[[ Input data, beginning ]]
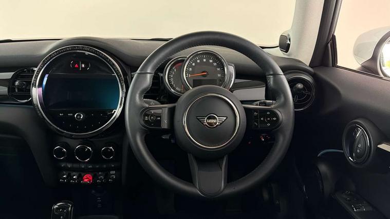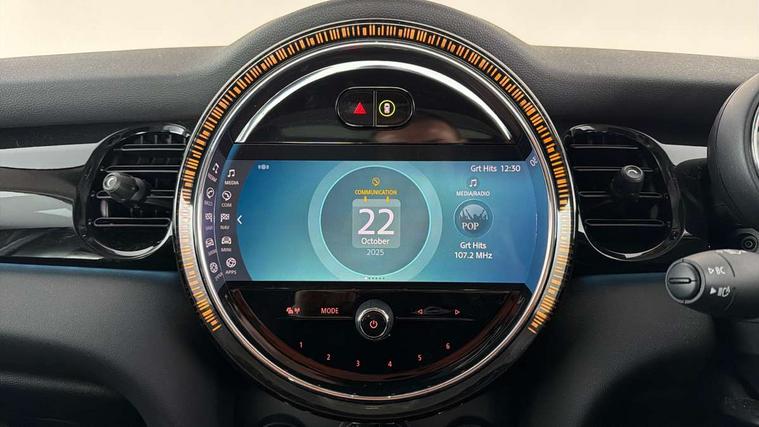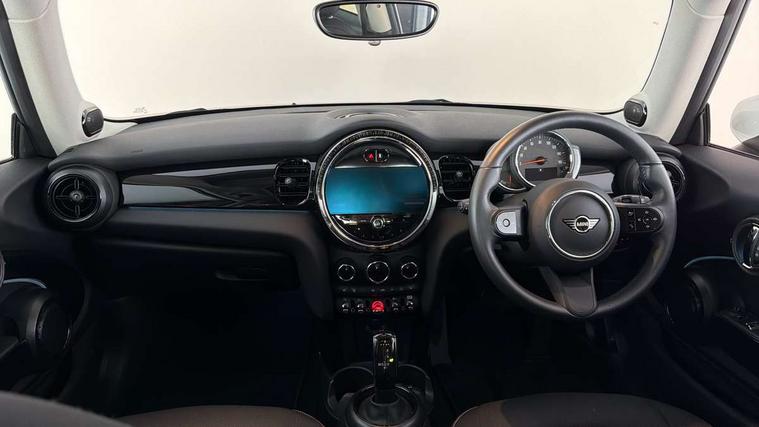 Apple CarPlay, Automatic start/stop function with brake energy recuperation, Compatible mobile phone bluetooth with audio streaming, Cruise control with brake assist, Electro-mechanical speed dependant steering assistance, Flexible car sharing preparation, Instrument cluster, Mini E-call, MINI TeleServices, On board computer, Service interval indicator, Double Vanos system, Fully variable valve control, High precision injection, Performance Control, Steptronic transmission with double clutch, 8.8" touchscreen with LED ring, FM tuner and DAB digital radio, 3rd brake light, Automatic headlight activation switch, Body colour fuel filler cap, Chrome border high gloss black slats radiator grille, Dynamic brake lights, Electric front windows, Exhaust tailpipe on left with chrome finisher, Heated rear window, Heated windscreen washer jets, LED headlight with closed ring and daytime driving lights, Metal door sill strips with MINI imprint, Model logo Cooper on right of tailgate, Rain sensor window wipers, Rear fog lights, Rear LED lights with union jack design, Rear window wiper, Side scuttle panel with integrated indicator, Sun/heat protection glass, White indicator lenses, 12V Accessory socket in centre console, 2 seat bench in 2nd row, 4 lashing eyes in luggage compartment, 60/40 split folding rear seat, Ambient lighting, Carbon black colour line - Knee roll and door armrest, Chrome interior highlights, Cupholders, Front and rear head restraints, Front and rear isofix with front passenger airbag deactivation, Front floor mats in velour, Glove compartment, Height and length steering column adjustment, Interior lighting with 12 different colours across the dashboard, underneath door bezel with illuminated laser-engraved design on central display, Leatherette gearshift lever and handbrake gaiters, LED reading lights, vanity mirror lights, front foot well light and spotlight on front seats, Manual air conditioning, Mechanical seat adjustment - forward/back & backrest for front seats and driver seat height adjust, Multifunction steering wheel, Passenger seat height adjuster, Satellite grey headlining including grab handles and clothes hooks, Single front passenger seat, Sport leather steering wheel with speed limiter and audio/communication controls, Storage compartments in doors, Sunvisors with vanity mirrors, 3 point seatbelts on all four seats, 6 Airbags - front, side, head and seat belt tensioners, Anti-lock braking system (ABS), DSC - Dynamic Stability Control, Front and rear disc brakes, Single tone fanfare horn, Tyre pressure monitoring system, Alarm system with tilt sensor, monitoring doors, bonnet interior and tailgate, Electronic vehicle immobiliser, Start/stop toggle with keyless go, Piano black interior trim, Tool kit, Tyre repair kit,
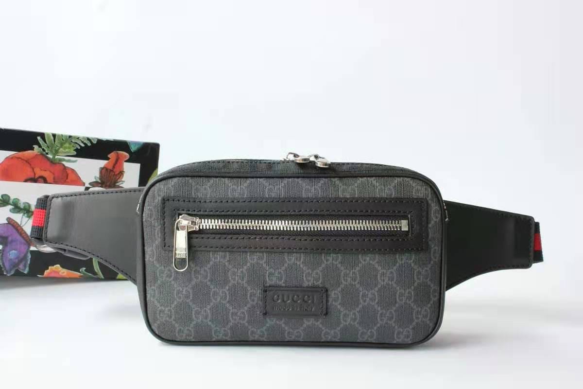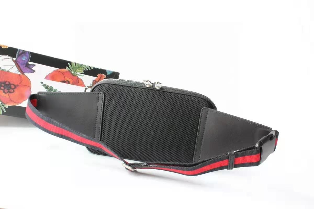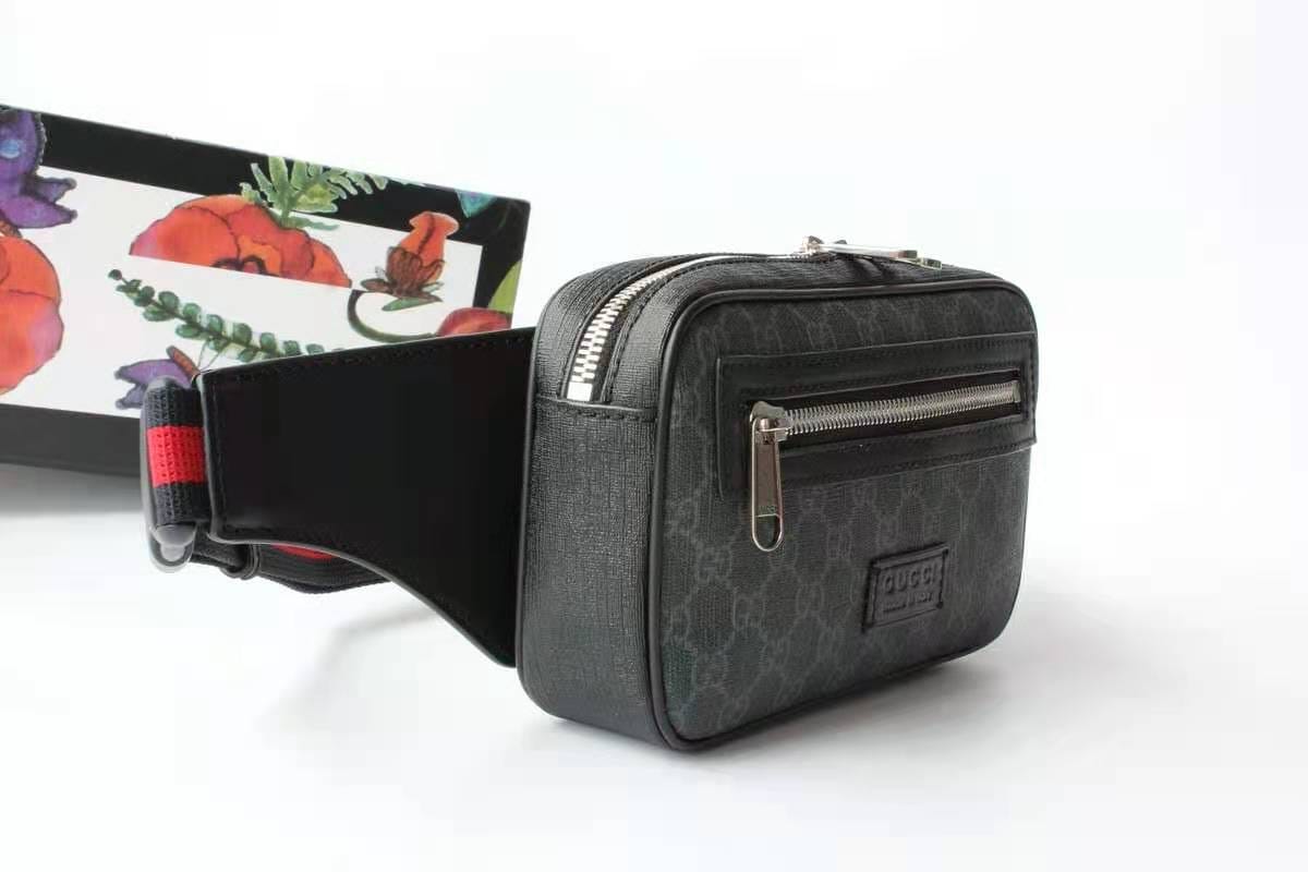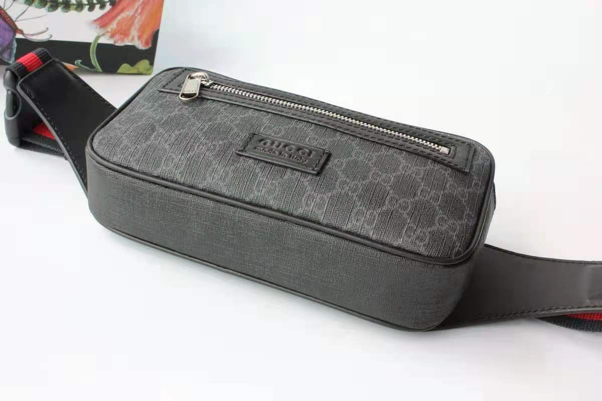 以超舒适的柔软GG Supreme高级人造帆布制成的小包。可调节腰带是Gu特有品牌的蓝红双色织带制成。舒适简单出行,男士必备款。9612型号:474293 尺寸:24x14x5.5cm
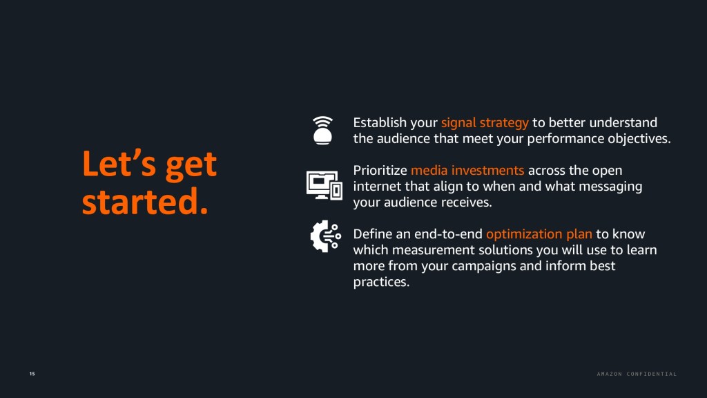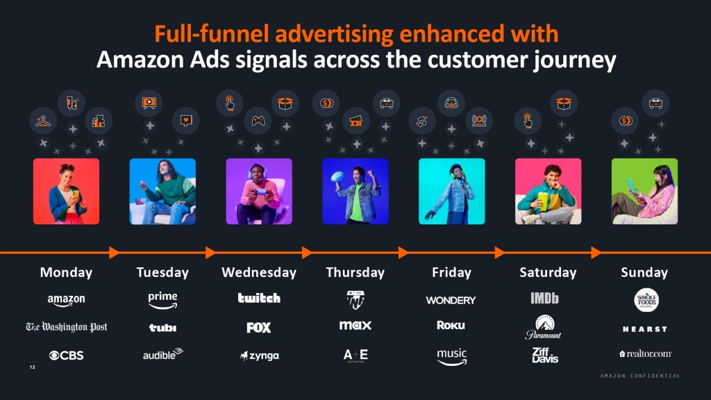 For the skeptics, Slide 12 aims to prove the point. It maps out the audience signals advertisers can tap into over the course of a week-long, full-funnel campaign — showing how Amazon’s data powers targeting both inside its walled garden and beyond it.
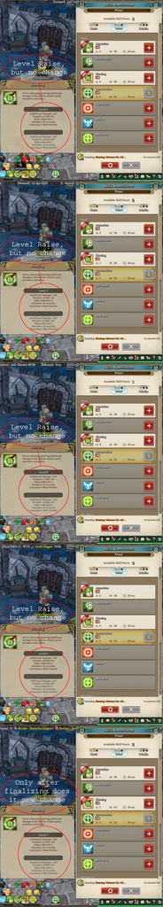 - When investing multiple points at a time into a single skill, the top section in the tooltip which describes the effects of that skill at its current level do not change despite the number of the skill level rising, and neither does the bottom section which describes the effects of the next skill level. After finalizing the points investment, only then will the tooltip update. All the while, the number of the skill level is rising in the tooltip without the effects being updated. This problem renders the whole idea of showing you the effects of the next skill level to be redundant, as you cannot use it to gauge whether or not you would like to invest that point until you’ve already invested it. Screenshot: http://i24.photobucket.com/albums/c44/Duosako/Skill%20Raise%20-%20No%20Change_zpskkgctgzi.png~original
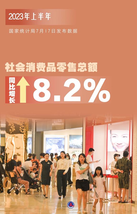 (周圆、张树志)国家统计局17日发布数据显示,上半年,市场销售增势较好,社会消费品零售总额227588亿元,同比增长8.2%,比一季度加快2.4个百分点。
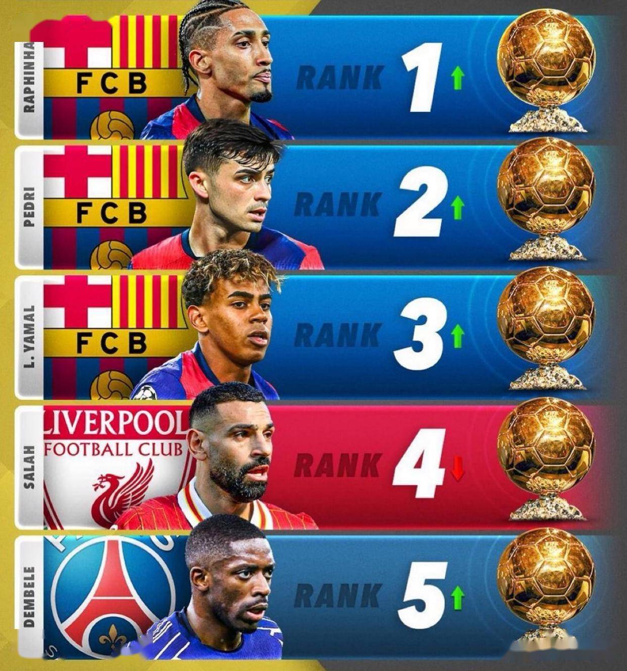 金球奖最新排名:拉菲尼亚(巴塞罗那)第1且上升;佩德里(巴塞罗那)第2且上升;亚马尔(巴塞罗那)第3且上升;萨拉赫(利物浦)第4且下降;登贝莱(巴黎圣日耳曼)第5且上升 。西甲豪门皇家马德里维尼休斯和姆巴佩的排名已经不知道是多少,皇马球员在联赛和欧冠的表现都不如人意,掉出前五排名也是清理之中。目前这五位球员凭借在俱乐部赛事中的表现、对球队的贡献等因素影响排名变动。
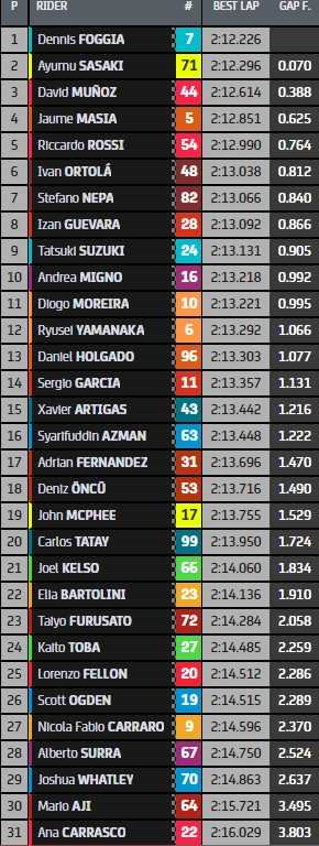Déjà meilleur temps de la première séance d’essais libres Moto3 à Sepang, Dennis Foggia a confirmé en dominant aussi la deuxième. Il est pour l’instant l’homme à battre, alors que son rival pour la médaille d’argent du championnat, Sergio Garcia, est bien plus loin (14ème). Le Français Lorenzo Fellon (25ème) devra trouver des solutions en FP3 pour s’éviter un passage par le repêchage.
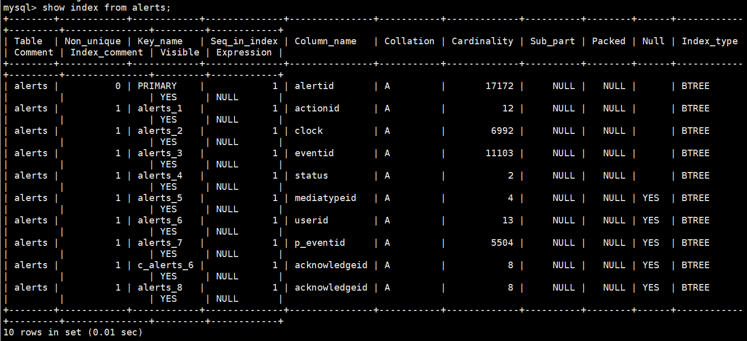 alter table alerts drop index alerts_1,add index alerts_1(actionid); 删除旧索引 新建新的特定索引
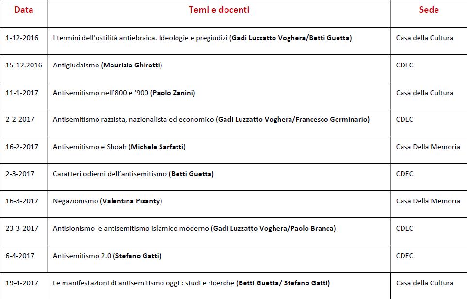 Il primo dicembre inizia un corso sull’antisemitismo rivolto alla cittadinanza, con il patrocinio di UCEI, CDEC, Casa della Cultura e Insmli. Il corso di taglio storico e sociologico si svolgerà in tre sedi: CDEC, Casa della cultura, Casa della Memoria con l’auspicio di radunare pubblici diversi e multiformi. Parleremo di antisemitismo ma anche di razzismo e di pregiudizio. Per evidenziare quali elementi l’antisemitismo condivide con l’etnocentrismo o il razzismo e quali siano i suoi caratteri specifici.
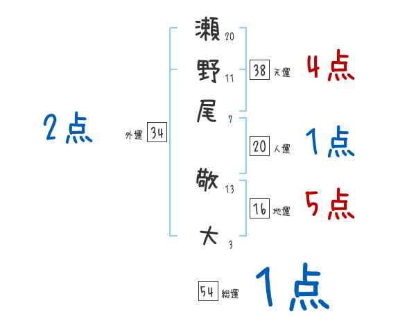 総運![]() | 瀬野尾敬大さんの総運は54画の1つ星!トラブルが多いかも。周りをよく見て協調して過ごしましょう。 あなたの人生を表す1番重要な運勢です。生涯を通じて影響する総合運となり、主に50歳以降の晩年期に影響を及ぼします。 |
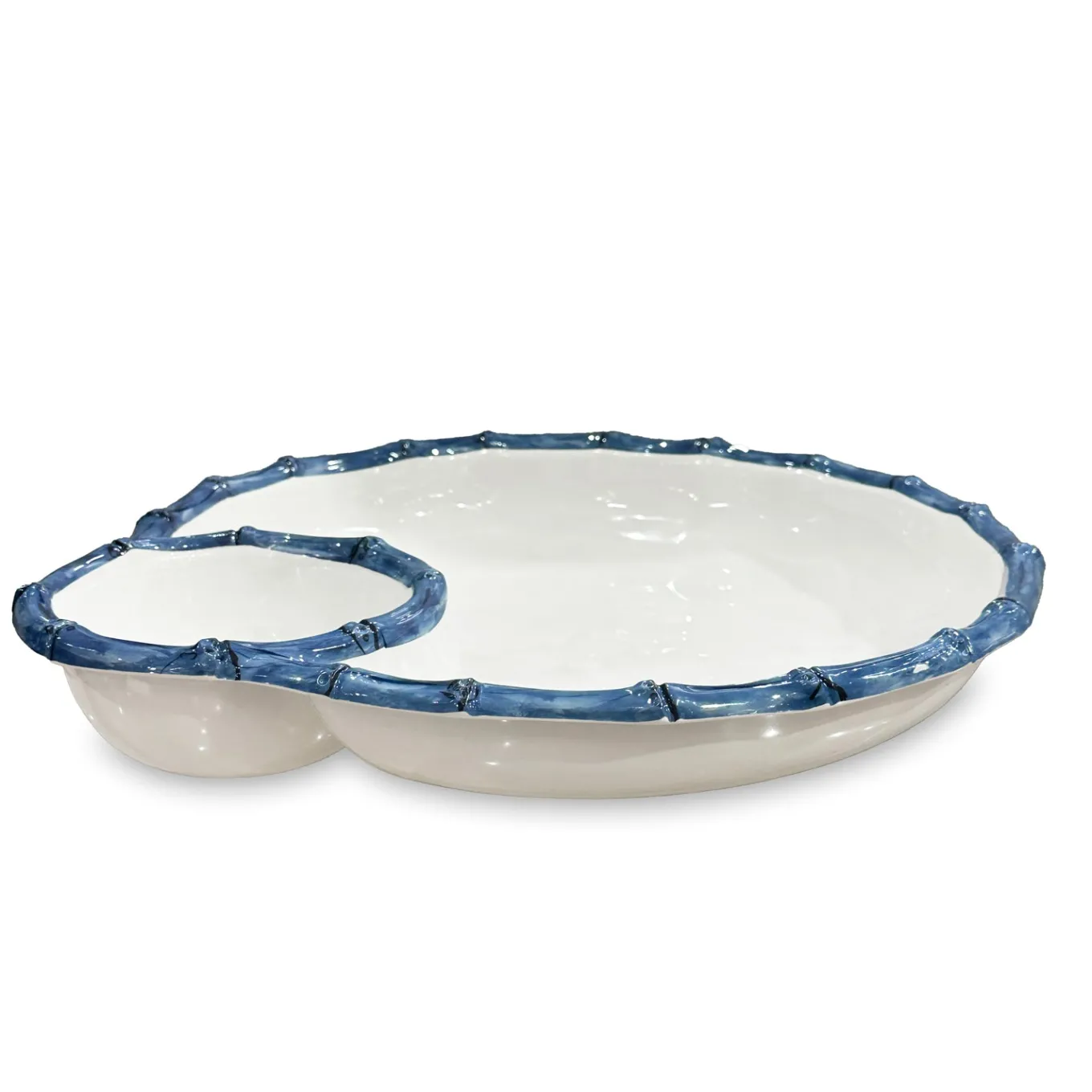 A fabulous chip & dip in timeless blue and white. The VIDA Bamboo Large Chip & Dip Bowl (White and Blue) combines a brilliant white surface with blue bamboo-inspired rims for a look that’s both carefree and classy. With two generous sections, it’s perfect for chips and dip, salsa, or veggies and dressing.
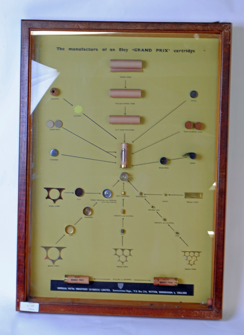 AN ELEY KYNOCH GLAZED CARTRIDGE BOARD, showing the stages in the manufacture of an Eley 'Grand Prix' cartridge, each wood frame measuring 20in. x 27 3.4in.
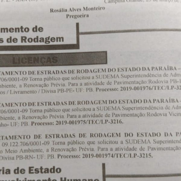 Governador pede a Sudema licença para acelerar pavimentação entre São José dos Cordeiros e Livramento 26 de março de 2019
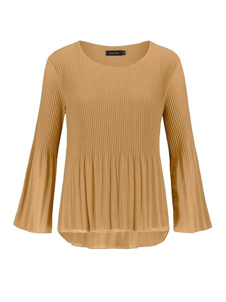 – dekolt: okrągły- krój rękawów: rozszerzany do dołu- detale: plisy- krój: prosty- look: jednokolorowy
[[ Input data, end ]]
■ To do:
Leaving out the pictures, return exactly the lines from the one that contains "AN ELEY KYNOCH" through the last line of the records above, inclusive.

■ The answer:
 AN ELEY KYNOCH GLAZED CARTRIDGE BOARD, showing the stages in the manufacture of an Eley 'Grand Prix' cartridge, each wood frame measuring 20in. x 27 3.4in.
 Governador pede a Sudema licença para acelerar pavimentação entre São José dos Cordeiros e Livramento 26 de março de 2019
 – dekolt: okrągły- krój rękawów: rozszerzany do dołu- detale: plisy- krój: prosty- look: jednokolorowy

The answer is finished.